(Items from a dataset)
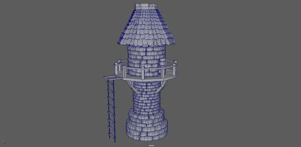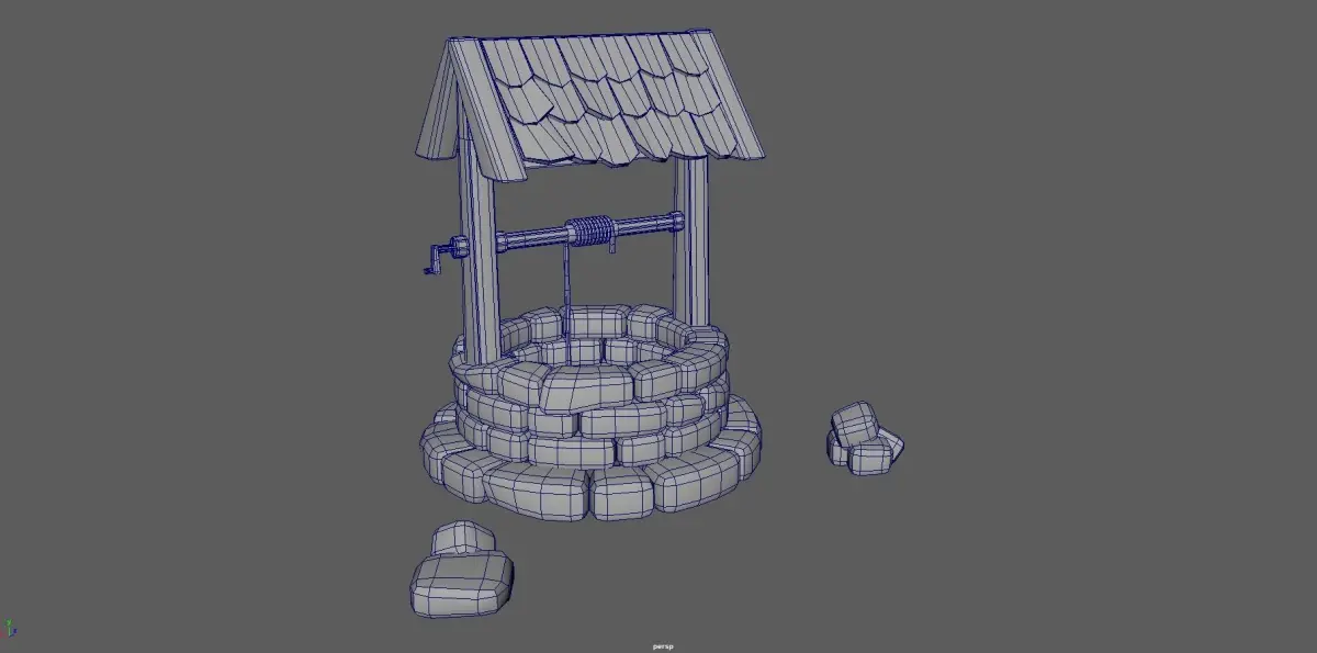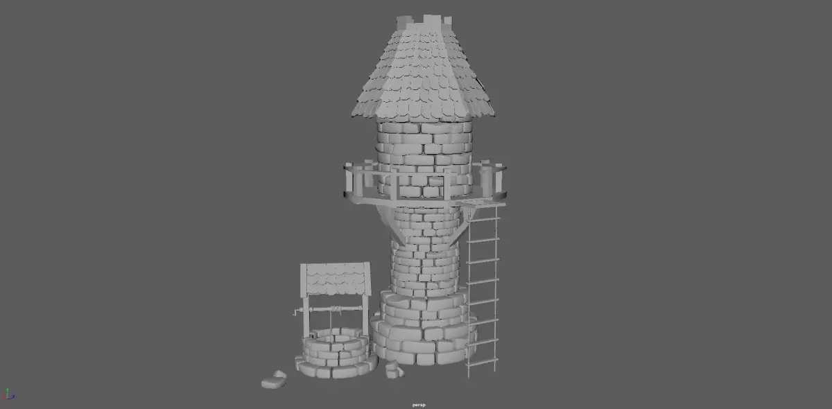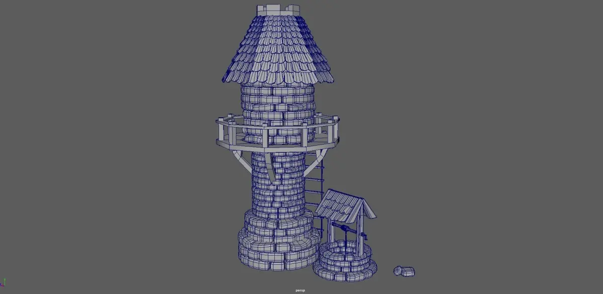 Tower with wooden floor and stairs, opened inside, with roof tiles and upper opening.Water wall with rope and stones, with structure for roof and roof tiles
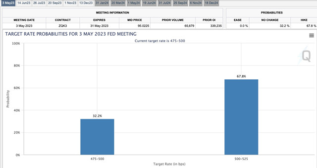 经济形势不明朗叠加地区银行流动性危机,市场和美联储内部对未来加息步调的分歧加大。截至第一财经记者发稿,据芝商所利率观察工具(FedWatch Tool),按兵不动的概率为32.2%,加息25个基点至5.0%~5.25%的概率为67.8%。
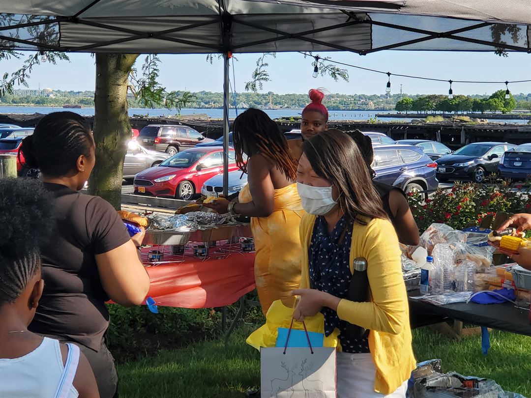 -Covered picnic area with tables
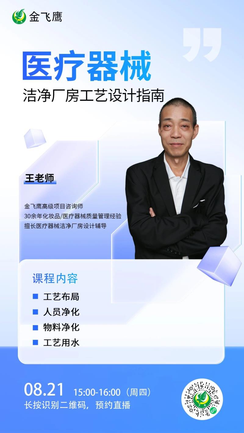 8月21日下午3點(diǎn),金飛鷹高級(jí)項(xiàng)目咨詢師,有著30余年化妝品/醫(yī)療器械質(zhì)量管理經(jīng)驗(yàn),尤為擅長(zhǎng)醫(yī)療器械潔凈廠房設(shè)計(jì)輔導(dǎo)的王老師給大家?guī)怼?/span>醫(yī)療器械潔凈廠房工藝設(shè)計(jì)指南》,無論您是正在規(guī)劃新的生產(chǎn)場(chǎng)地,還是希望提升現(xiàn)有廠房的運(yùn)行效率,都能從課程中獲得專業(yè)指導(dǎo),感興趣的朋友記得提前預(yù)約!
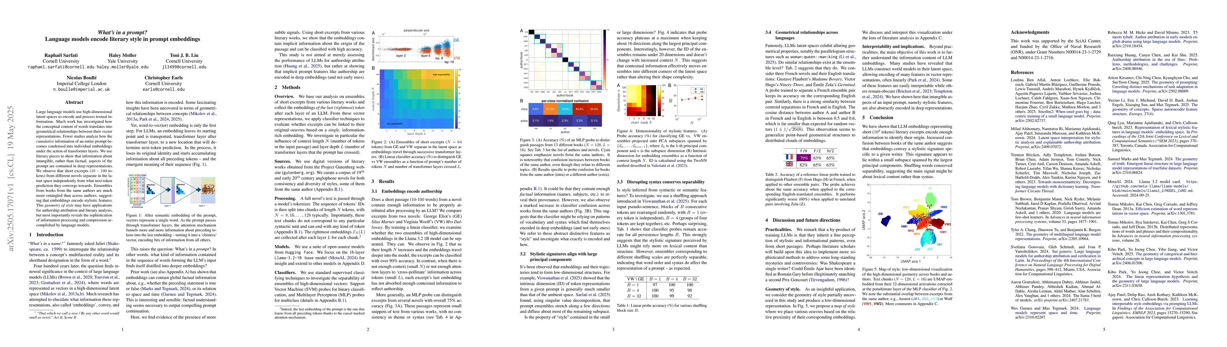 This research is important as it uncovers the encoding of literary style in prompt embeddings, which may have applications in authorship attribution and literary analysis, and demonstrates the advanced information processing capabilities of language models.
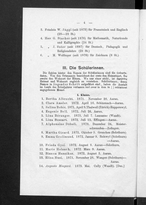 Jahresbericht über das Töchterinstitut und Lehrerinnenseminar in Aarau
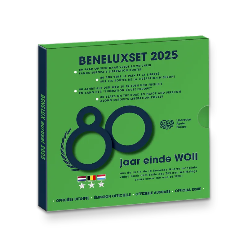 DE LIBERATION ROUTE EUROPE EN DE BENELUXDe Liberation Route Europe verbindt de belangrijkste regio’s waarlangs de Westerse Geallieerden oprukten tijdens de laatste fase van WOII. Via een indrukwekkend parcours dat 10 landen doorkruist, kunnen honderden historische locaties ontdekt worden: van oorlogsgraven, musea en monumenten tot plaatsen waar geregeld evenementen en herdenkingen plaatsvinden. De weg voert langs tal van indringende feiten, verhalen en indrukken van het strijden en lijden dat op deze plekken plaatsvond. De 80ste verjaardag van de bevrijding is aanleiding om de Liberation Route Europe het thema te maken van de Beneluxset 2025.Alle Benelux euromunten 2025 op een rijDeze fraaie muntenset groepeert alle 24 euro’s van 2025 uit België, Nederland en Luxemburg inonberispelijke BU-kwaliteit. De luxe vierluik kaartverpakking met genummerde sleeve staat dit jaar geheel in het teken van 80 jaar einde WOII. Lees meer over de belangrijke mijlpalen van tachtig jaar vrede en vrijheidswandelingen in de Benelux. De set bevat daarnaast een exclusieve penning met een diameter van 30 mm. Op de voorzijde: LIBERATON ROUTE BENELUX en de landkaart van de Benelux. Op de keerzijde zien we het officiële logo van de Liberation Route (Benelux) met daar omheen de tekst: 80 JAHRE AUF DEM WEG ZU FRIEDEN UND FREIHEIT – 80 YEARS ON THE ROAD TO PEACE AND FREEDOM – 80 ANS VERS LA PAIX ET LA LIBERTÉ – 80 JAAR OP WEG NAAR VREDE EN VRIJHEID – 2025 -Helemaal bovenin de munt- en muntmeestertekens.Specificaties penning:MetaalCu/NiKwaliteitBrilliant UncirculatedGewicht9,5 gDiameter30 mmRandGladOntwerpPannos GoutzemisisOplagemax. 3.500 (alleen als onderdeel van set)Ook verkrijgbaar in abonnementsvorm. Nu met GRATIS verzamelhoes ter waarde van € 4,95!
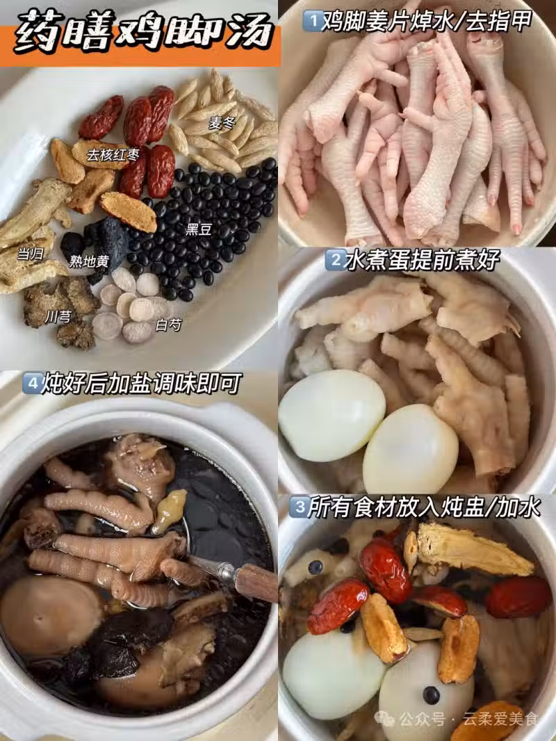 做法:雞腳提前焯水去腳趾,雞蛋提前煮好,紅棗去核,所有食材清洗乾淨,全部放入燉盅,加水,隔水燉1.5小時,燉好按喜好加鹽調味即可。

YOUR ASSIGNMENT: Give back exactly the lines from the top of the records to the line containing "-Covered picnic area with tables", both included, and no pictures.

FINAL ANSWER:
 Tower with wooden floor and stairs, opened inside, with roof tiles and upper opening.Water wall with rope and stones, with structure for roof and roof tiles
 经济形势不明朗叠加地区银行流动性危机,市场和美联储内部对未来加息步调的分歧加大。截至第一财经记者发稿,据芝商所利率观察工具(FedWatch Tool),按兵不动的概率为32.2%,加息25个基点至5.0%~5.25%的概率为67.8%。
 -Covered picnic area with tables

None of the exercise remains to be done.